WHAT YOU HAVE TO DO: The answer must be only the lines below from the one holding "Your family will" down to the one holding "金秋時(shí)節(jié)", ends included, printed exactly; please omit all pictures.

DATA EXCERPT:

——————————

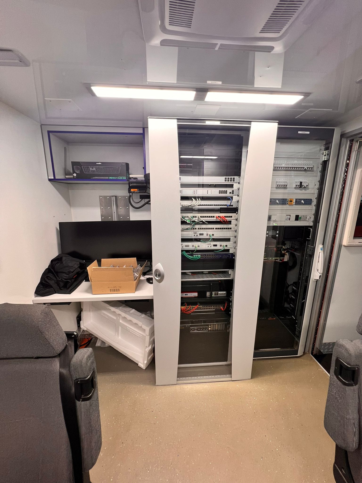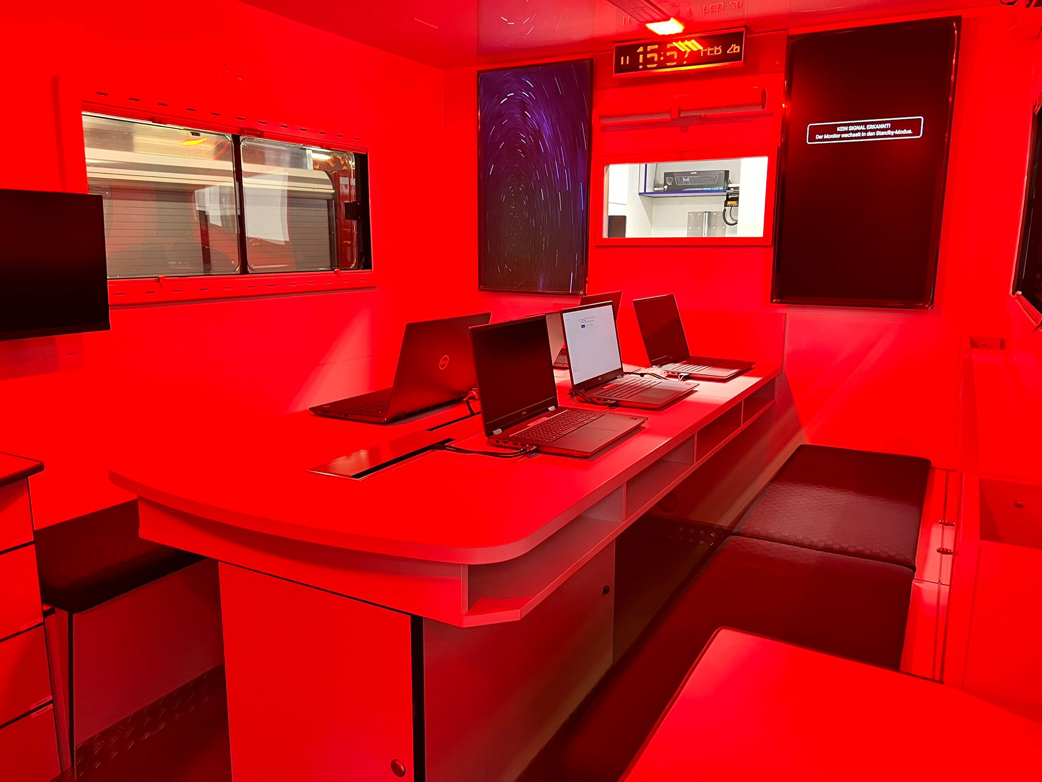 Wie nach Norm vorgesehen, ist der Aufbau zweigeteilt. In der Fernmeldebetriebsstelle, dem sogenannten Funkraum, stehen zwei Arbeitsplätze zur Verfügung. Hier werden eingehende und ausgehende Nachrichten bearbeitet, der Funkverkehr koordiniert und das Einsatztagebuch geführt. Auf der gegenüberliegenden Seite befindet sich der Führungs- und Besprechungsraum mit sechs Notebookarbeitsplätzen, zwei großen Monitoren sowie interaktiven Monitorboards. Dort werden Lageinformationen zusammengeführt, ausgewertet und unter anderem mit der Lage-Software Command-X dokumentiert und visualisiert. So erhalten die Führungskräfte eine strukturierte Entscheidungsgrundlage.
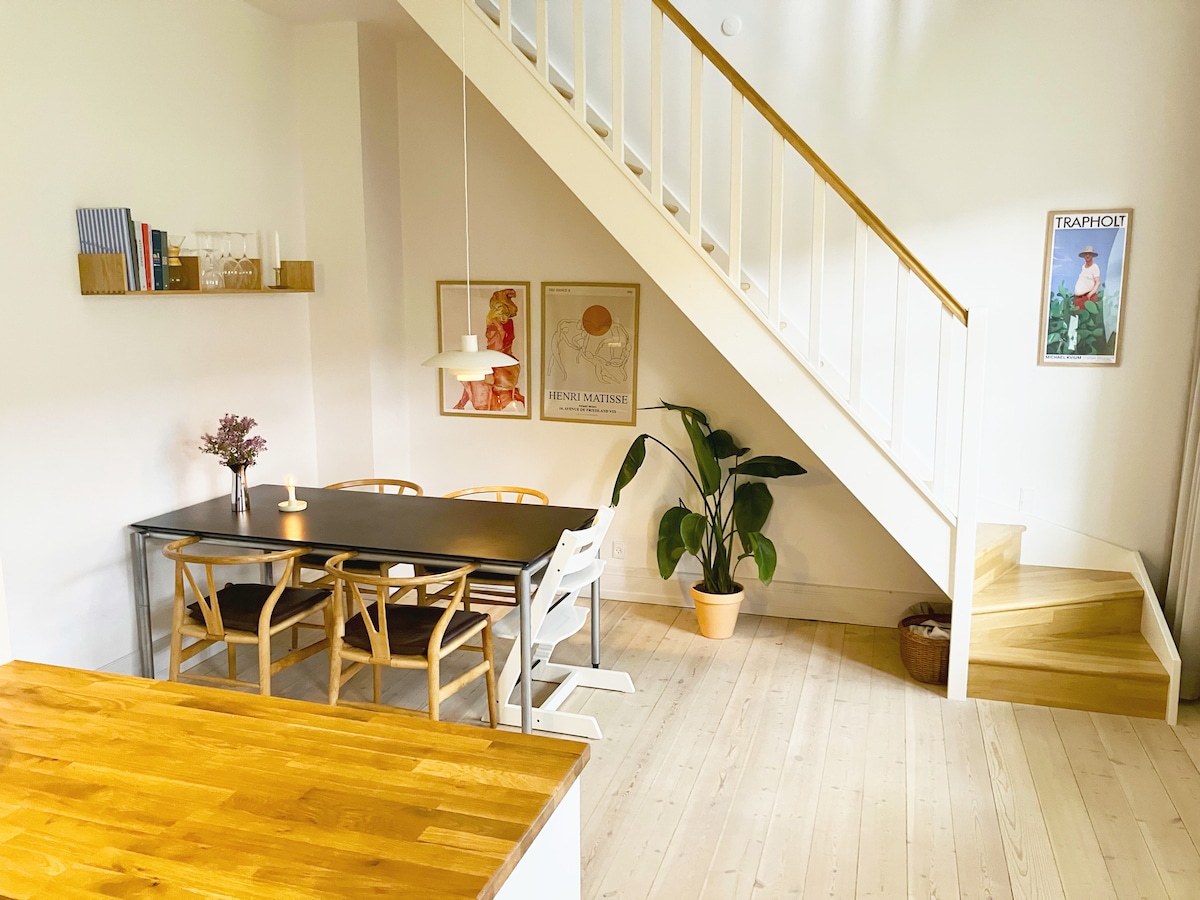 Your family will be close to everything: city, university, forest and beach. Trøjborg is an old and cozy district, which is popular to live in. The best place in the apartment is the balcony with a view of the forest, sea and Aarhus Ø. It is usually sheltered and perfect for sunbathing. The living- and dining room are one large room, so there is plenty of space for several people to be together. On the 1st floor we have 1 junior bed, 1 bed, 2 mattresses / a playroom and a workplace with a view.
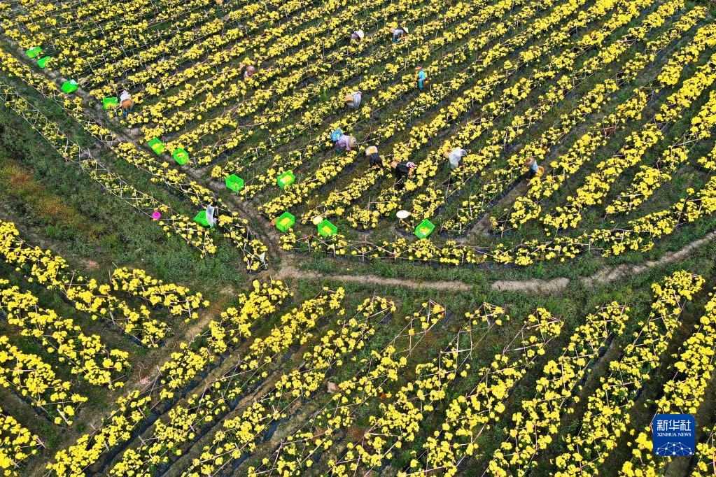 金秋時(shí)節(jié),貴州省黔南布依族苗族自治州貴定縣云霧鎮(zhèn)種植的1000余畝菊花陸續(xù)進(jìn)入采摘期,當(dāng)?shù)卮迕衩χ烧⒎謷?、烘干菊花,供?yīng)市場。
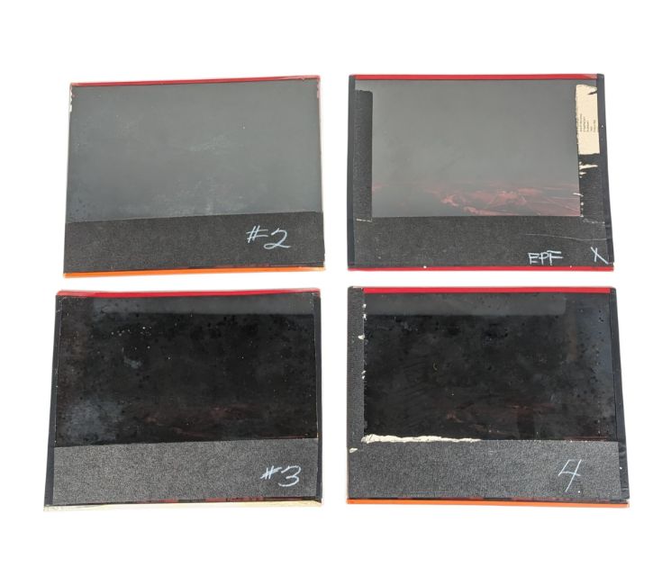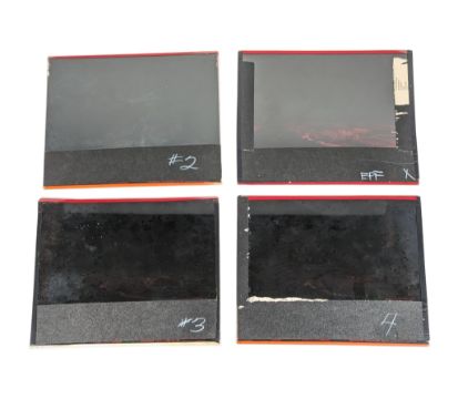 Close Encounters of The Third Kind (Columbia Pictures 1977) - a collection of 4x production used projection plates featuring images of the night sky in Muncie Indiana. The plates were used during production while shooting the scenes on the Crescendo Summit, projecting an image of the night sky onto a 100-foot wide screen to simulate the view of Muncie. The plates feature a variety of images of the night sky to accommodate possible filming angles. Red and black tape to the extremities of the plates, with the odd smudge caused by production use. The plates measure approx. 20cm by 26cm. Includes a certificate of authenticity from Prop Store.

——————————

EXERCISE RESULT:
 Your family will be close to everything: city, university, forest and beach. Trøjborg is an old and cozy district, which is popular to live in. The best place in the apartment is the balcony with a view of the forest, sea and Aarhus Ø. It is usually sheltered and perfect for sunbathing. The living- and dining room are one large room, so there is plenty of space for several people to be together. On the 1st floor we have 1 junior bed, 1 bed, 2 mattresses / a playroom and a workplace with a view.
 金秋時(shí)節(jié),貴州省黔南布依族苗族自治州貴定縣云霧鎮(zhèn)種植的1000余畝菊花陸續(xù)進(jìn)入采摘期,當(dāng)?shù)卮迕衩χ烧⒎謷?、烘干菊花,供?yīng)市場。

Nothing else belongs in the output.